Pensemos cómo eran los romanos en provincias. Ciudadanos (terratenientes) que explotaban a lugareños (esclavos o no) y que vivían del campo. Ciudadano fuera de su ciudad. Un título, este de ciudadano. En la Edad Media, con la mediación de los conceptos de sangre y linaje, se dirá «noble», «hidalgo»… Hoy, el lumpen madrileño, valenciano, barcelonés o de cualquier ciudad grande, quiere ser más cosmopolita que nadie. Pero muchas familias «bien» de la ciudad de toda la vida, sean o no marquesitos, ya no tienen tierras, ni dinero. Tienen su título de honor, no obstante. Y se quejan éstos, los ciudadanos de sus propios «invasores». En Madrid uno puede ser ciudadano en menos de una generación, y tener a su servicio doméstico a mujeres ecuatorianas. Y el racismo se incuba en todo centralismo. Sucede que una capital centralista por necesidad como Madrid no es más que el ojo del huracán de la «barbarie» y el agro destartalado, carente de vida. Como antaño Roma (¡oh Imperio, oh Civilización!) en las provincias explotables agrícolamente no fue romanización, sino administración de barbarie.

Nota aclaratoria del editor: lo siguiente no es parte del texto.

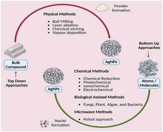 AgNP is synthesized using either a top-down or bottom-up method, as is typical for most nanomaterials, as illustrated in (Figure 5) [94]. Physically breaking down a large complex into smaller parts is a critical component of the top-down strategy. Physical and mechanical procedures such as UV irradiation, lithography, laser ablation, ultrasonic sounds, and photochemical reduction create a strong energy/force to compress the macromolecule into nanoparticles [95]. The physical reduction procedures generally have quick processing durations, yielding AgNPs with a restricted size distribution range. However, they have several drawbacks, including the tremendous amount of equipment space needed, the extended time required to obtain thermal stability, the energy-intensive nature of the methods, and the difficulty in easily using them for scaling-up reasons [96]. When creating nanoparticles from the bottom up, tiny particles such as atoms and molecules are used as the building blocks. These smaller particles come together to form a complex nanoparticle by self-assembly or aided assembly. Chemical, microwave, and biological approaches are subcategories of the bottom-up strategy. For the manufacture of AgNPs in solution, chemical techniques are often utilized. They are produced in water or other organic solvents [97]. Chemical processes are quick and practical but represent a severe environmental risk because they use hazardous substances as reducing agents and create dangerous byproducts.

El estado español hereda estructuras mediterráneas de dominación muy antiguas que se perpetuaron sin discontinuidad a lo largo de los siglos. Y este estado que hoy analizamos no existe sin su capital. Madrid no es Castilla. Madrid despobló Castilla. Antes de los Austrias, todas las ciudades castellanas eran un antídoto contra el feudalismo, eran Cortes y comunidades ellas mismas, autónomas. Pero hacía falta una sola ciudad y un solo estado. Castilla murió con Madrid, con las Comunidades, con los Reyes Católicos. ¿Qué quedó? Un triste agro, una siesta de pueblos. Las capitales de interior se hicieron pueblos ante el esplendor de la corte. También la periferia costera decayó en muchas partes, pero para este proceso de transmisión de decadencia, estaban lejos a fin de cuentas, con sus propias subsistencias, sin depender de nadie tras montañas inaccesibles o distancias fatigosas. Pero ¿y el castellano pobre? El que no huyó a la ciudad, ¿él fue el mismo ibero sometido de antaño?: ¿El mismo pobre?. Sumiso él con idéntica cara de hambre que en tiempos remotos, el que se queda para trabajar, la buena gente.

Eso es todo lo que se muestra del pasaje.